It's Not Me. It's You.
Updated: Aug 22, 2019
How the scale held me back and why I finally said goodbye.

The scale and I have had an interesting relationship. I have had times where it has been a motivator and I have had times where it has become an obsession. It wasn't always clear to me which side of the line I was on. Recently, I decided that this fixation with the scale needed to stop and I'm going to tell you why, in my experience, it has been huge for me and a big step in the right direction for my health and self-love.
1) If the scale wore pants, they would be on fire. The scale is a liar, guys. If fat-loss is a part of your goals, the scale is not a true indicator of the progress you are making. There were many times that I could see progress in the mirror but the scale would tell me I was wrong. By its calculations, I hadn't changed. I was crazy, it told me, to think that my pants were fitting better or that I was seeing significant progress in muscle tone. There are many, many reasons why your numbers on the scale will stay the same or fluctuate. Just a few of these reasons are how much water you've drank that day, if you are currently gaining muscle, what time of day you weighed yourself, where you are in your menstrual cycle, when you last pooped (yeah, I said it!), blah blah blah. It's not telling you how much of your weight is muscle and how much is fat (five pounds of muscle is much denser/smaller than five pounds of fat, I promise). Scales are one-dimensional tools.
2) It was a bad influence. When I was doing well, according to the scale, I would think, 'Well great! It's party time!" And the scale would say, "Yeah girl, you go. Let your nutrition go down the tubes because you are as light as a feather and that is all that matters!" Sometimes the scale would say, " Girl, you're the same weight as last week. You might as well just give up. Have a good cry and eat some ice cream. Everything you've done is clearly pointless." I'm sure you can see how this took a toll on my consistency and contributed to the very unhealthy binging-quitting-extremes cycle.
And most importantly....
3) It caused me to focus on the wrong things. Weight is no where near an all-encompassing indicator of health and fitness and weight-loss is not even something that everyone needs to or should aim for. Whoever decided that weight is primarily what women who are striving to be healthy should worry about was, how do I say this? A moron. I have been many different weights in my life and I can tell you that your lowest weight is not necessarily your healthiest. At one point, I become a slave to seeing how far down I could make the numbers go. That number finally got lower than it had ever been. You would think that I would have been doing a happy dance but that was not the case. I wasn't doing any sort of dance because I was a miserable mess who had gotten off track with mental health, wasn't fueling my body properly, was losing muscle mass, and was just really super cranky. Like, so cranky, you guys. Putting the scale on a pedestal can lead to a way of thinking that puts getting to your lowest weight above everything else, which is not healthy in the least. Losing weight is something that can happen when you make healthy changes but it doesn't define the ways your body will change, your health, your progress, or you.

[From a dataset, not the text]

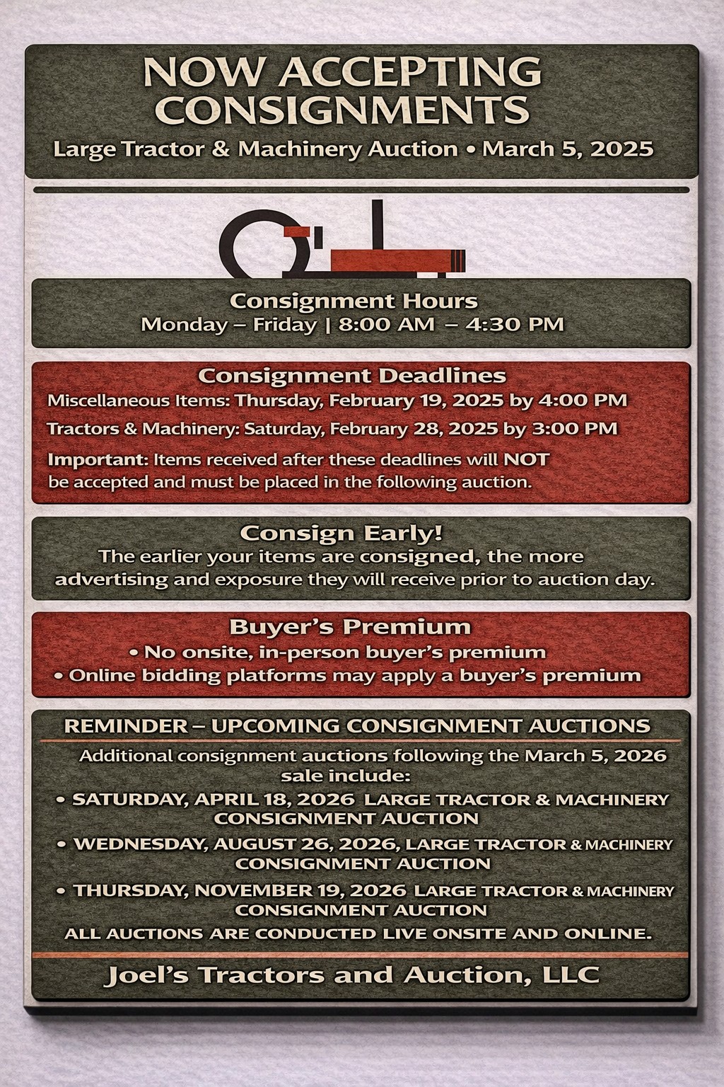 2025 © Joel's Tractors and Auction, LLC. All Rights Reserved. Site powered by
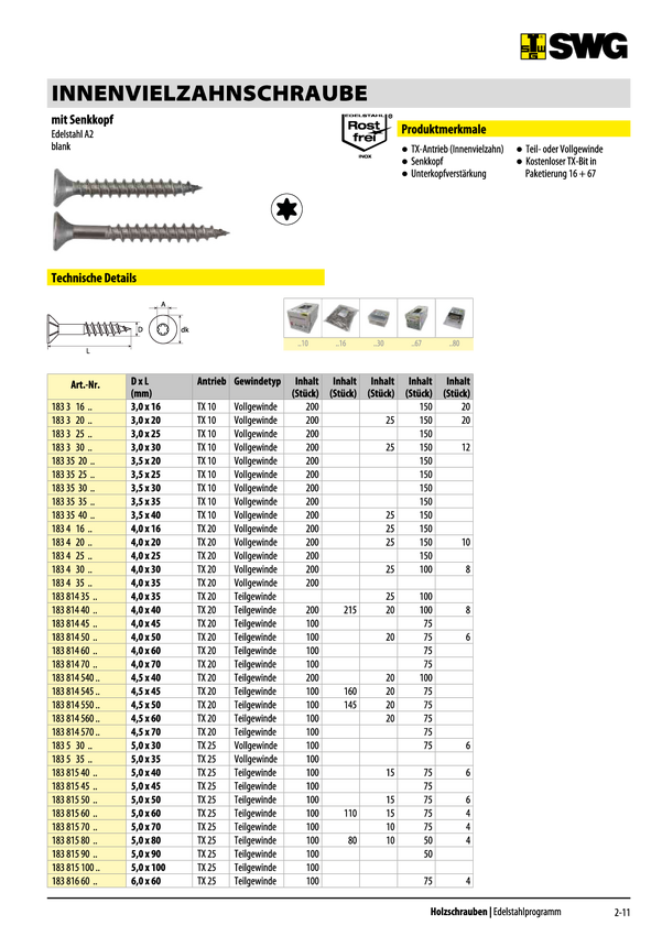 Wkręt z łbem płaskim SWG 1838169067 6 mm 90 mm 40 szt.

Measuring my progress by my weight led me to forget all of the other reasons why I live a healthy lifestyle. The scale doesn't tell you how much better you feel when you eat nutritious foods. The scale doesn't tell you how much of a calmer mom you are after a workout (yes, after. During my workouts, there's a lot of "PLEASE DO NOT BOTHER MAMA DURING THIS TEN MINUTES OF WORKOUT TIME! I'm sure you can survive a few more minutes without your third breakfast!") The scale doesn't pat me on the back for taking the time to do some self-care. The scale doesn't congratulate me for progress I've made with giving myself a great, safe, strong foundation postpartum and in returning proper function to my core after having severe diastasis. The scale doesn't tell you how much stronger I am. The scale doesn't tell me how much more I am than that.
I'm not perfect and I'm still working on letting go of all of the false ideas that I believed about the scale for so much of my life. It was really hard in the beginning to stay away but it's gotten easier as time has gone by. The more progress I see without the scale, physical or otherwise, the more I remember that I don't need it. I do still slip and weigh myself from time to time out of curiosity. It doesn't usually end well and reminds me why I decided to quit it in the first place. It's been so freeing. No more starting off the day by putting all my hopes into what the scale was going to read that morning. No more feeling confused and frustrated because I "wasn't making progress". No more angst about what my weight is compared to so-and-so's. Saying goodbye to the scale has helped me to focus on the other changes I'm making. There is just no room for the scale in my healthy lifestyle anymore. Non-scale victories only!
Have you ever thought about giving up the scale? I challenge you to try it! Let me know your thoughts on how the scale has effected you!